A consequência curiosa dessa migração é que a área de recursos humanos — tradicionalmente feminina — está sendo dominada pelos homens. De acordo com a pesquisa Top Executive Compensation, feita com 322 empresas pela consultoria Hay Group, a concentração de mulheres no RH vem diminuindo, especialmente quando consideramos o primeiro nível.

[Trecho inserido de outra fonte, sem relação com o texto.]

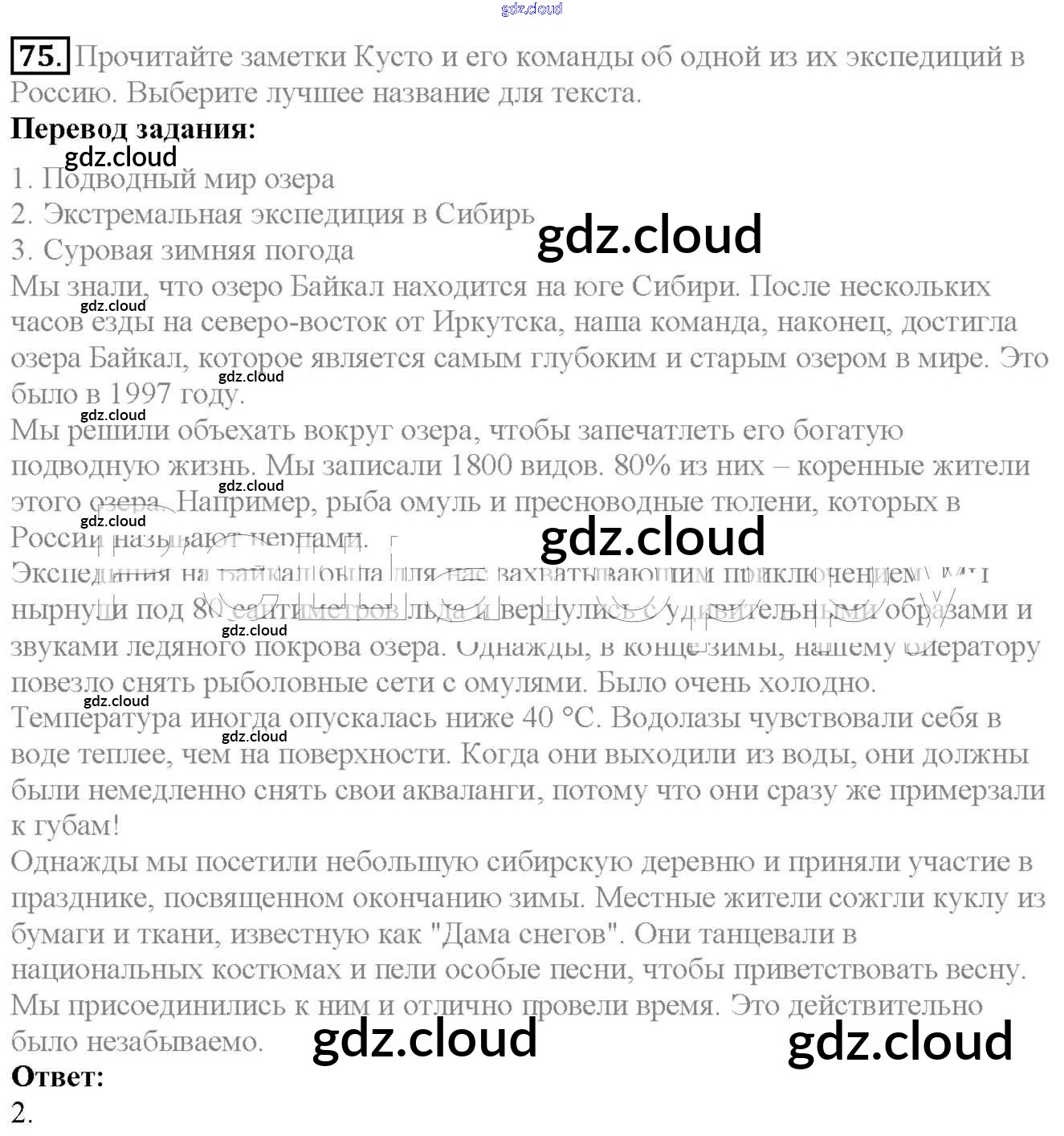 Ответ на задание 75 Учебник Английский язык  за 6 (шестой) класс Биболетова, Денисенко, Трубанева Enjoy English  2015, 2019

O estudo aponta que, em 2008, 21% das executivas participantes da pesquisa ocupavam a diretoria de recursos humanos. Em 2013, essa fatia caiu para apenas 14%. Sim, uma das explicações para esse fenômeno é o fato de mais mulheres terem optado por carreiras em outras áreas da empresa.

Mas a principal razão da evasão feminina do RH é a busca da própria companhia por profissionais de outros setores — já dominados por homens — para assumir a gestão de pessoas. Segundo Daniela Simi, diretora do Hay Group, há dez ou 15 anos o RH era muito mais feminino porque estavam lá pessoas oriundas do curso de psicologia, historicamente escolhido mais pelas mulheres. E isso mudou.

Se, antes, os psicólogos — como lembra Daniela — eram os mais cotados para liderar a área, hoje os administradores de empresas — e entram aí também os engenheiros — são os preferidos.